**Assignment:**
Could you restate word for word every line from the one containing "Ritratto fotografico di" to the end of the data below, pictures excluded?

**Data shown:**

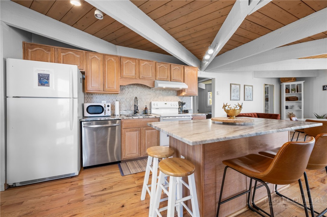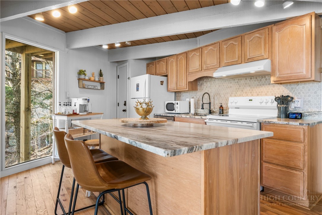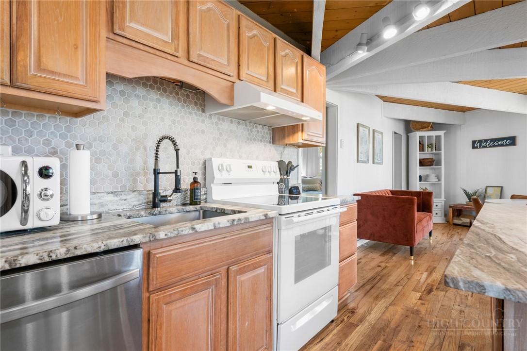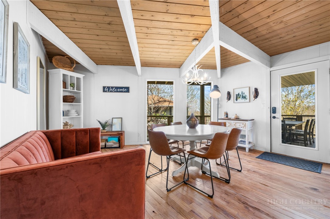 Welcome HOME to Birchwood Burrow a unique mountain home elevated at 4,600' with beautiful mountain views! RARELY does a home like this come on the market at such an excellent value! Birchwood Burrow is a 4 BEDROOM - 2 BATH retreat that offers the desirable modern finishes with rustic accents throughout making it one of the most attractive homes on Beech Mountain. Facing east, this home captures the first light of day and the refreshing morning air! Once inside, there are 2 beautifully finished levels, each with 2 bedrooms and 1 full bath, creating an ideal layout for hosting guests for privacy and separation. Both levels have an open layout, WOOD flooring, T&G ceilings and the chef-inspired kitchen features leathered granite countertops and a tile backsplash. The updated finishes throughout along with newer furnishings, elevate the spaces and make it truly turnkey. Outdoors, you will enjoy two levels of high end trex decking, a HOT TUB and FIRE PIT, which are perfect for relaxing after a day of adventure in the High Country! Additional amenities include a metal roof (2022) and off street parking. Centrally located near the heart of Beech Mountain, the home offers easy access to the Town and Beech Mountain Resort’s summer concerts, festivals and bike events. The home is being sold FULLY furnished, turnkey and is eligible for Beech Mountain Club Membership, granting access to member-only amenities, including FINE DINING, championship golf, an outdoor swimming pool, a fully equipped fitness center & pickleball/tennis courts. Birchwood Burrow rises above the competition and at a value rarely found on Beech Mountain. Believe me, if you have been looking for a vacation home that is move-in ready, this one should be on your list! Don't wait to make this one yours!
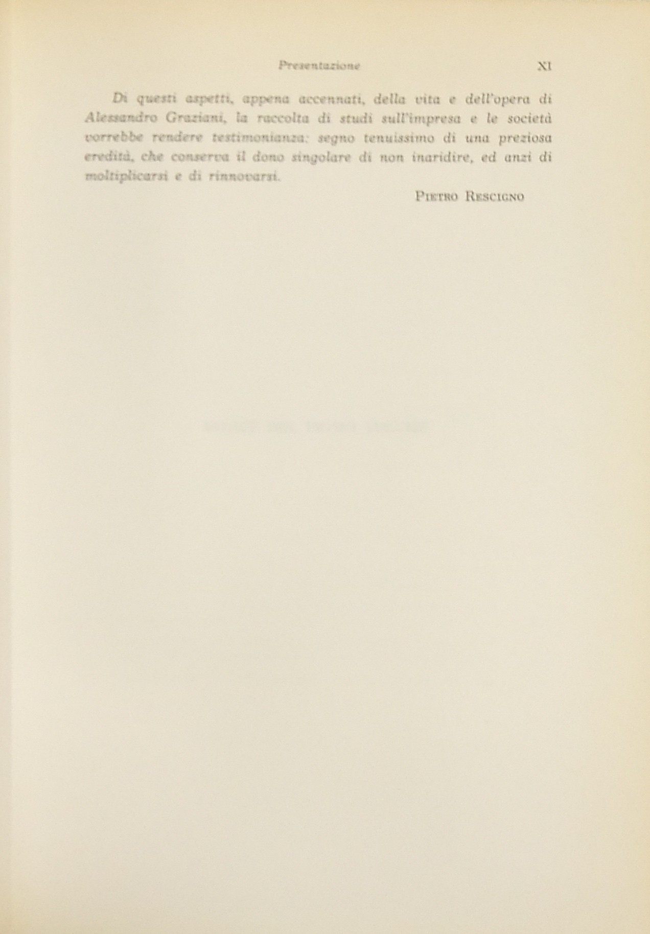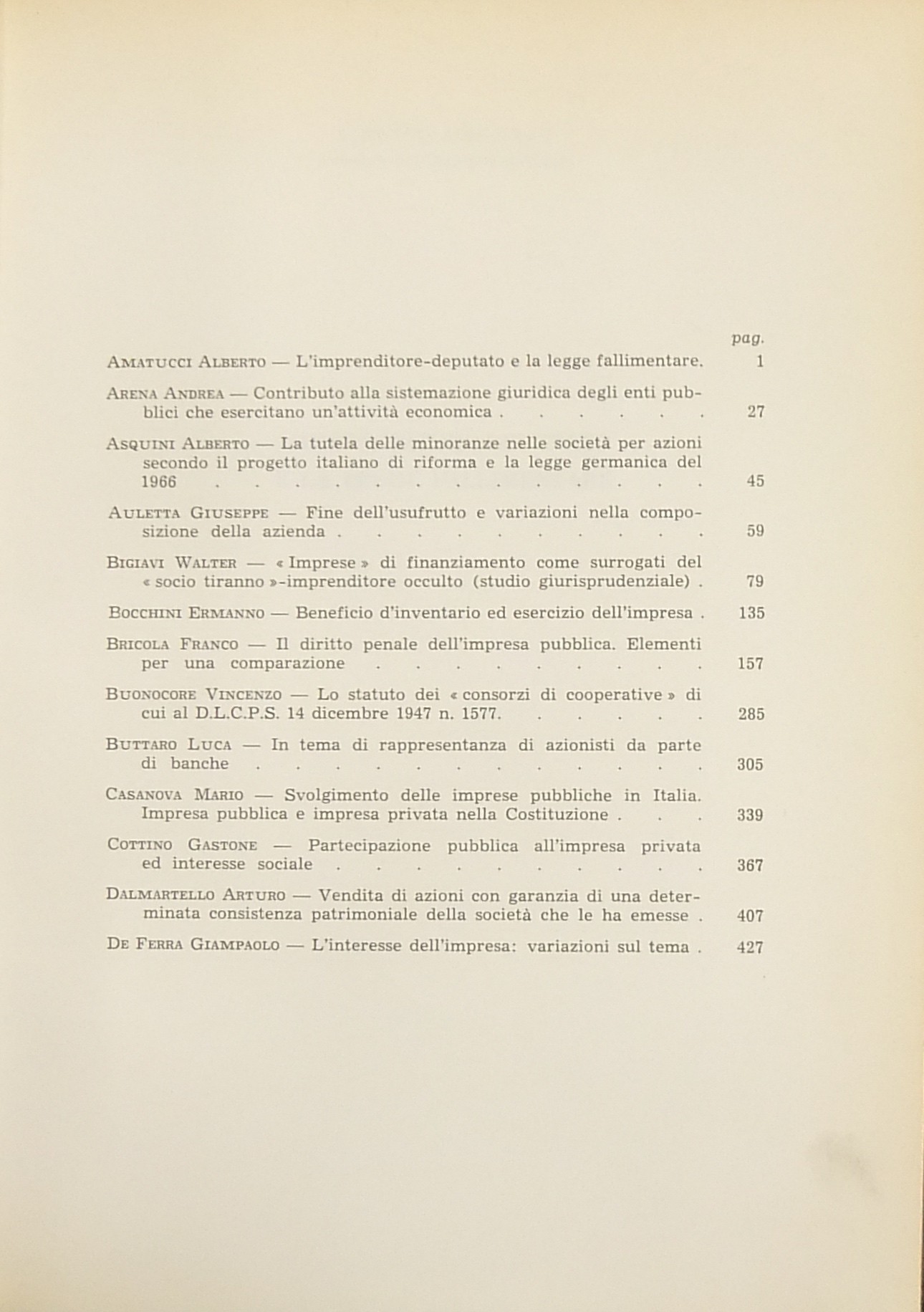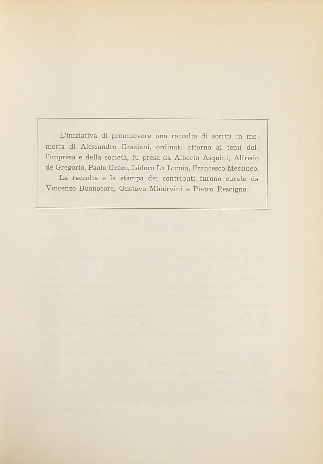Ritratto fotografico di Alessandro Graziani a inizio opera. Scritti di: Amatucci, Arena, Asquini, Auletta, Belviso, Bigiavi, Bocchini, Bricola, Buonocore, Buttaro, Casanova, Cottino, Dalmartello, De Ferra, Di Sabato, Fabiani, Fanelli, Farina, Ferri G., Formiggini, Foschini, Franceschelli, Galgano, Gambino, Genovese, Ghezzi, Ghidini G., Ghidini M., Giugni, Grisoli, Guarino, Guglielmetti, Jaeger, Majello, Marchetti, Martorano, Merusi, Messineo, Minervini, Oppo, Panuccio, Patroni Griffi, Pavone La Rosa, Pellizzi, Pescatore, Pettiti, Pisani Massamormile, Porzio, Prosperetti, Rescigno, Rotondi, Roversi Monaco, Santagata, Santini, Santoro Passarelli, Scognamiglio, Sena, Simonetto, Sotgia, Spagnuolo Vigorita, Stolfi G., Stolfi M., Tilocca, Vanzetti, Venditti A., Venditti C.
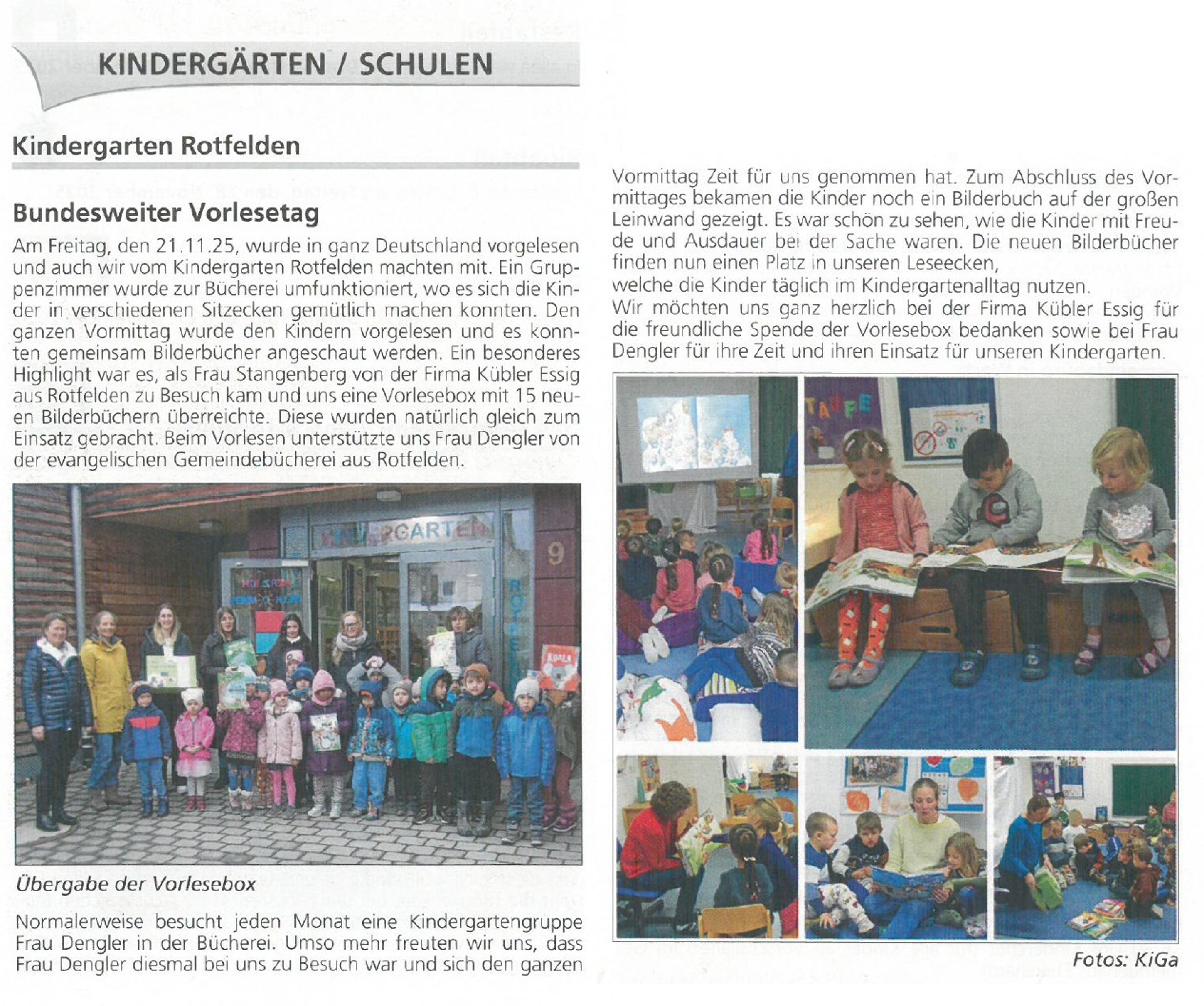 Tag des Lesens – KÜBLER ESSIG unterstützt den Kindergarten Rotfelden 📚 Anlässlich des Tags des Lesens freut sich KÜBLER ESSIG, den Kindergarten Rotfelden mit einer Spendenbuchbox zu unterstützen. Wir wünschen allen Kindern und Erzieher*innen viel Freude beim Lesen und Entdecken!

**Problem solution:**
Ritratto fotografico di Alessandro Graziani a inizio opera. Scritti di: Amatucci, Arena, Asquini, Auletta, Belviso, Bigiavi, Bocchini, Bricola, Buonocore, Buttaro, Casanova, Cottino, Dalmartello, De Ferra, Di Sabato, Fabiani, Fanelli, Farina, Ferri G., Formiggini, Foschini, Franceschelli, Galgano, Gambino, Genovese, Ghezzi, Ghidini G., Ghidini M., Giugni, Grisoli, Guarino, Guglielmetti, Jaeger, Majello, Marchetti, Martorano, Merusi, Messineo, Minervini, Oppo, Panuccio, Patroni Griffi, Pavone La Rosa, Pellizzi, Pescatore, Pettiti, Pisani Massamormile, Porzio, Prosperetti, Rescigno, Rotondi, Roversi Monaco, Santagata, Santini, Santoro Passarelli, Scognamiglio, Sena, Simonetto, Sotgia, Spagnuolo Vigorita, Stolfi G., Stolfi M., Tilocca, Vanzetti, Venditti A., Venditti C.
 Tag des Lesens – KÜBLER ESSIG unterstützt den Kindergarten Rotfelden 📚 Anlässlich des Tags des Lesens freut sich KÜBLER ESSIG, den Kindergarten Rotfelden mit einer Spendenbuchbox zu unterstützen. Wir wünschen allen Kindern und Erzieher*innen viel Freude beim Lesen und Entdecken!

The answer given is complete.